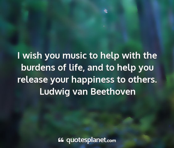I wish you music to help with the burdens of life, and to help you release your happiness to others.Ludwig van Beethoven
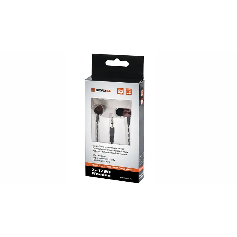 Особливості: Поліпшена система передачі звуку Дерев'яний корпус навушників Кабель з тканинним обплетенням Навушники-вкладиші Real-El Z-1720 призначені для роботи зі звуковими картами ПК та іншими сумісними з ними системами (портативними програвачами, комп'ютерними ігровими приставками тощо).
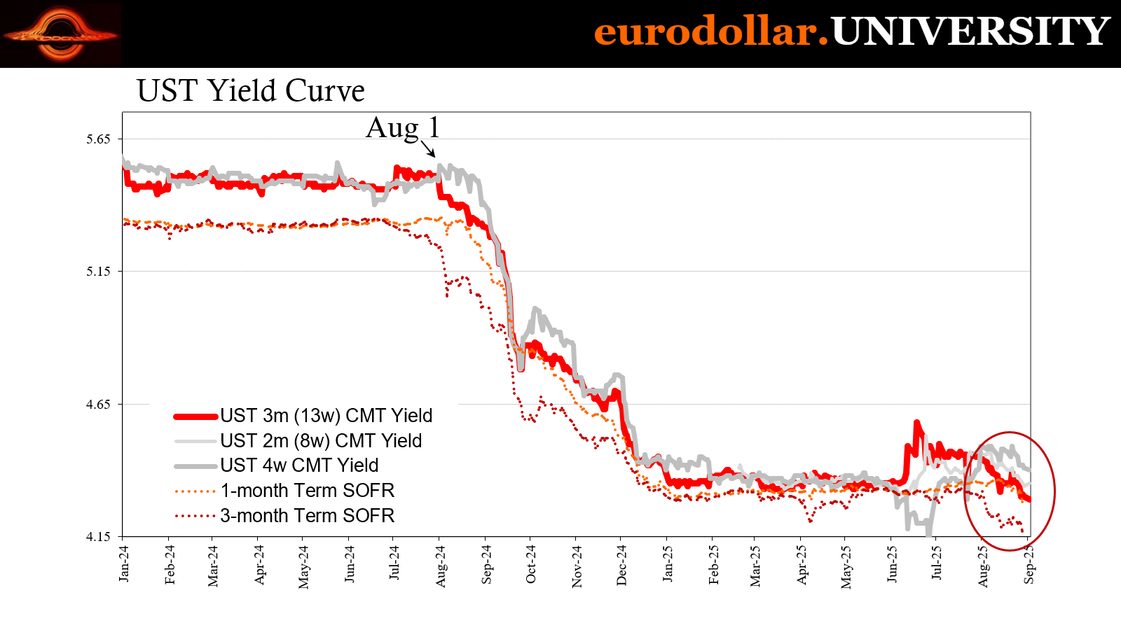 Alongside bills, term SOFR rates (these are what are supposed to substitute for term LIBOR rates; the 3-month term SOFR estimate is derived from term SOFR futures as an approximation for what 3-month LIBOR used to be, when term SOFR is definitely not that) have begun to shift, too. The 3m rate fell to 4.17% and even the 1m rate has dropped by roughly nine basis points going back to mid-August – not coincidentally the same timeframe as when gold began its current breakout.
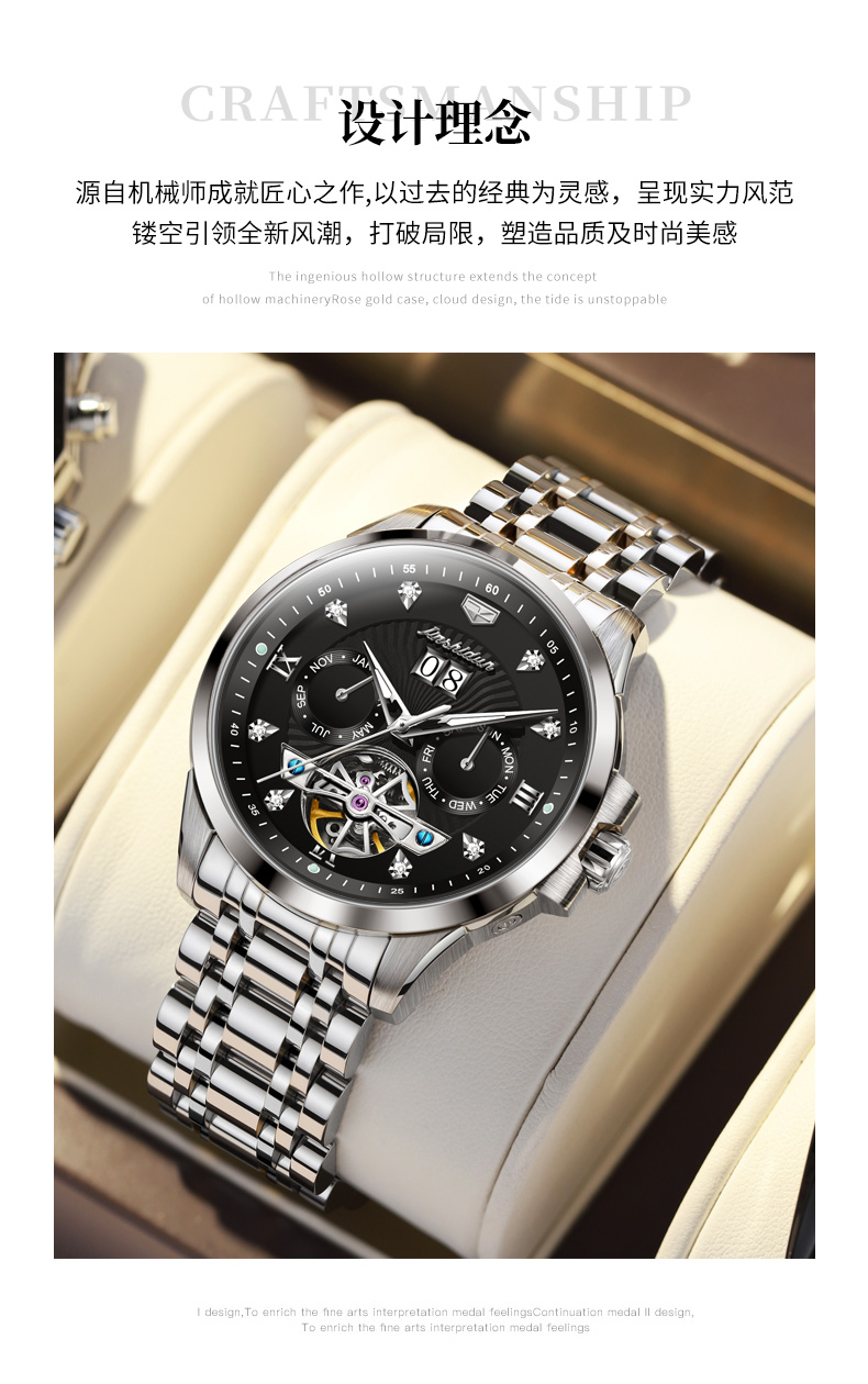 欧绮娜品牌男士全自动机械手表夜光透底钢带手表腕表男特价促销款
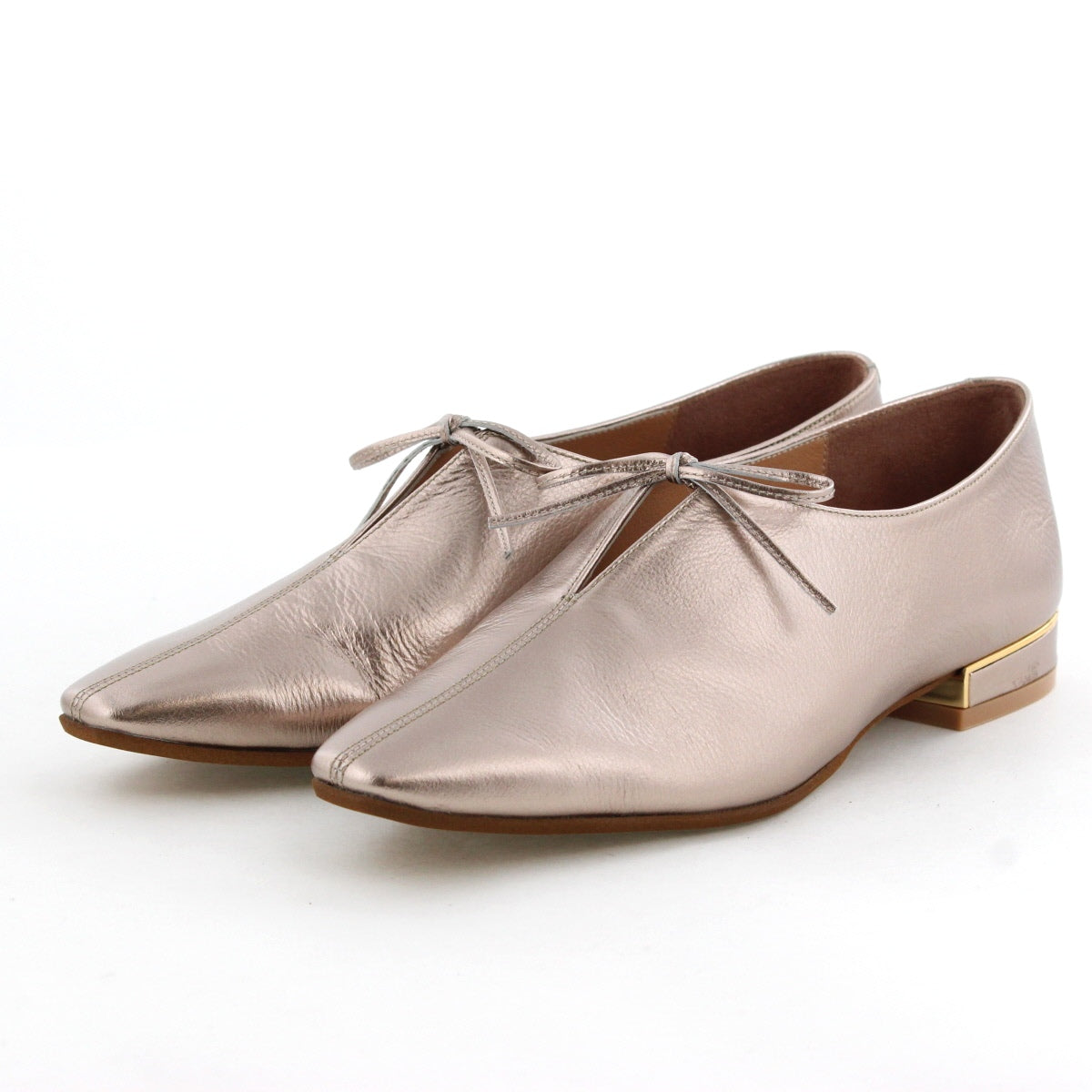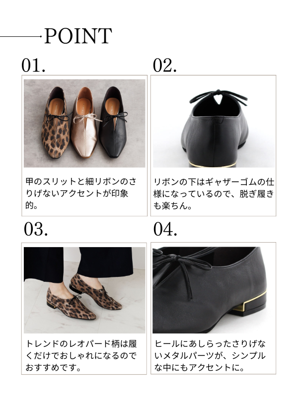 リボンの下はギャザーゴムの仕様になっているので、ワンステップでそのまま脱ぎ履きできます。 柔らかなシープ素材が足を包み込み、つま先、かかともソフトに仕上げているのでストレスのない履き心地。 パンプスとして履けるきちんと感と程よいリラックスムードも持ち併せた、シーン問わず履いていただける一足です。
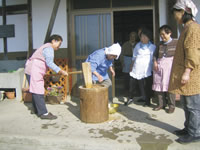 今年初めての日にお餅つきをしました。「暮れについた時は硬かった、今度はやわらかくつくか」と、重い杵を振り上げ、手がえしも息が合い、つきあがりま した。ついているよしのさんは、ことし83歳、1日何千もの食器を午前2時まで洗い、5時に起床して働いたという元女将さん「今は何もしてないの、だから エプロンもなくて」と、借りたピンクのエプロンが似合っています。
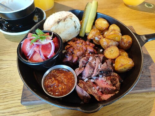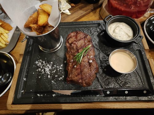Однозначно рекомендую! Подали все достаточно быстро, все блюда были вкусными и горячими. Стейк был выше всяких похвал, луковые кольца, крылышки и колбаски с сыром особенно понравились. Обязательно посетим это место ещё не один раз. Update: обеды топовые, хорошая порция, очень вкусно и разнообразно.
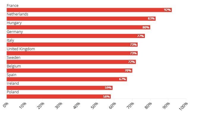 Η εκτεταμένη απαισιοδοξία είναι επίσης εμφανής σε όλες τις ευρωπαϊκές χώρες που συμμετείχαν στην έρευνα, συμπεριλαμβανομένων των Κάτω Χωρών (83%), Ουγγαρίας (80%), Γερμανίας (77%), Ιταλίας (73%), Ηνωμένου Βασιλείου (73%) και Σουηδίας (72%), που σημαίνει ότι η συντριπτική πλειοψηφία πιστεύει ότι η χώρα βρίσκεται σε λάθος δρόμο.
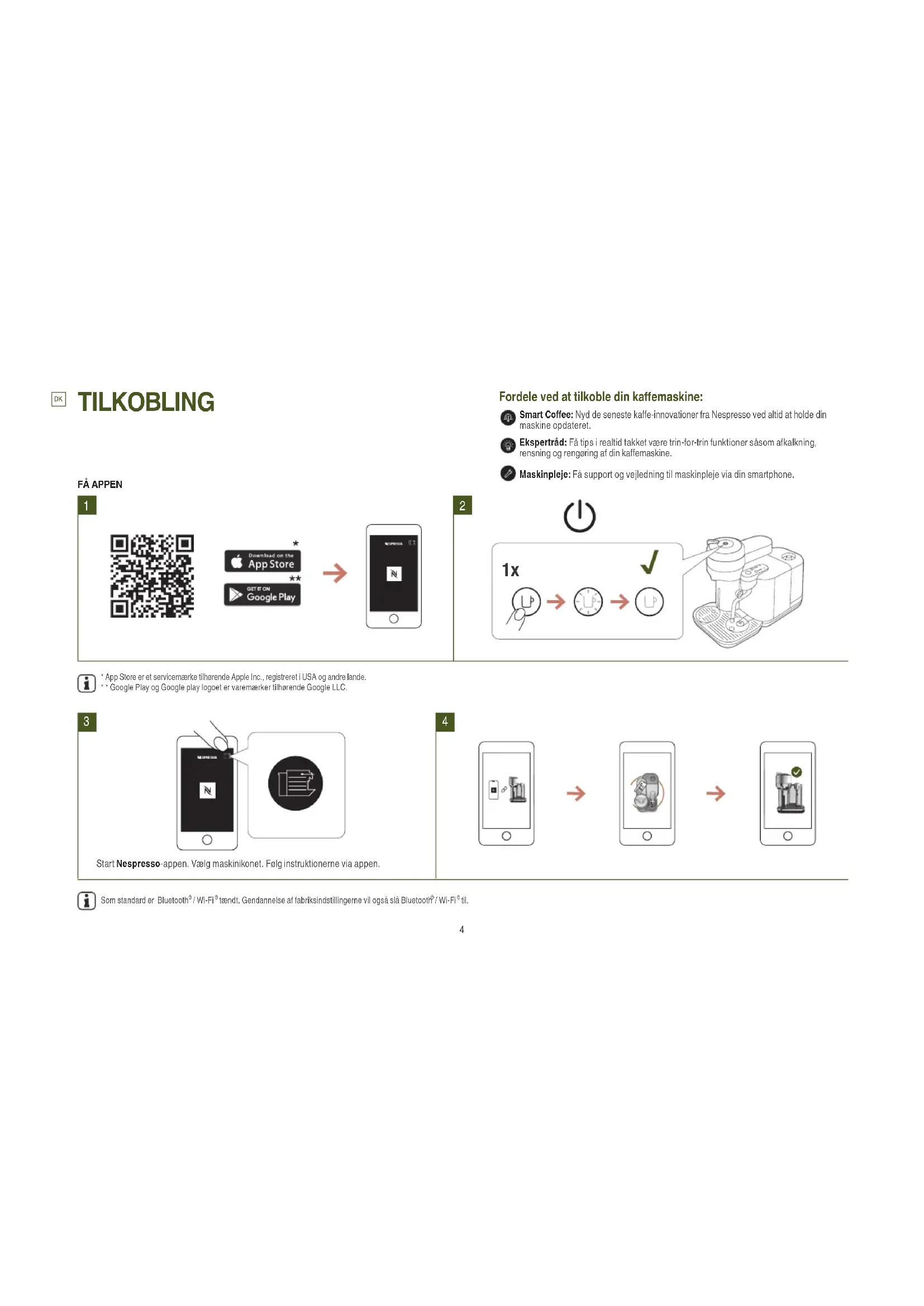 - * Google Play og Google play logoet er varemærker tilhørende Google LLC. Start Nespresso-appen. Vælg maskinikonet. Følg instruktionerne via appen. Som standard er Bluetooth

-*-*-

Once the pictures are set aside, repeat the data above exactly as written.

I wish you music to help with the burdens of life, and to help you release your happiness to others.Ludwig van Beethoven
 Особливості: Поліпшена система передачі звуку Дерев'яний корпус навушників Кабель з тканинним обплетенням Навушники-вкладиші Real-El Z-1720 призначені для роботи зі звуковими картами ПК та іншими сумісними з ними системами (портативними програвачами, комп'ютерними ігровими приставками тощо).
 Alongside bills, term SOFR rates (these are what are supposed to substitute for term LIBOR rates; the 3-month term SOFR estimate is derived from term SOFR futures as an approximation for what 3-month LIBOR used to be, when term SOFR is definitely not that) have begun to shift, too. The 3m rate fell to 4.17% and even the 1m rate has dropped by roughly nine basis points going back to mid-August – not coincidentally the same timeframe as when gold began its current breakout.
 欧绮娜品牌男士全自动机械手表夜光透底钢带手表腕表男特价促销款
 リボンの下はギャザーゴムの仕様になっているので、ワンステップでそのまま脱ぎ履きできます。 柔らかなシープ素材が足を包み込み、つま先、かかともソフトに仕上げているのでストレスのない履き心地。 パンプスとして履けるきちんと感と程よいリラックスムードも持ち併せた、シーン問わず履いていただける一足です。
 今年初めての日にお餅つきをしました。「暮れについた時は硬かった、今度はやわらかくつくか」と、重い杵を振り上げ、手がえしも息が合い、つきあがりま した。ついているよしのさんは、ことし83歳、1日何千もの食器を午前2時まで洗い、5時に起床して働いたという元女将さん「今は何もしてないの、だから エプロンもなくて」と、借りたピンクのエプロンが似合っています。
Однозначно рекомендую! Подали все достаточно быстро, все блюда были вкусными и горячими. Стейк был выше всяких похвал, луковые кольца, крылышки и колбаски с сыром особенно понравились. Обязательно посетим это место ещё не один раз. Update: обеды топовые, хорошая порция, очень вкусно и разнообразно.
 Η εκτεταμένη απαισιοδοξία είναι επίσης εμφανής σε όλες τις ευρωπαϊκές χώρες που συμμετείχαν στην έρευνα, συμπεριλαμβανομένων των Κάτω Χωρών (83%), Ουγγαρίας (80%), Γερμανίας (77%), Ιταλίας (73%), Ηνωμένου Βασιλείου (73%) και Σουηδίας (72%), που σημαίνει ότι η συντριπτική πλειοψηφία πιστεύει ότι η χώρα βρίσκεται σε λάθος δρόμο.
 - * Google Play og Google play logoet er varemærker tilhørende Google LLC. Start Nespresso-appen. Vælg maskinikonet. Følg instruktionerne via appen. Som standard er Bluetooth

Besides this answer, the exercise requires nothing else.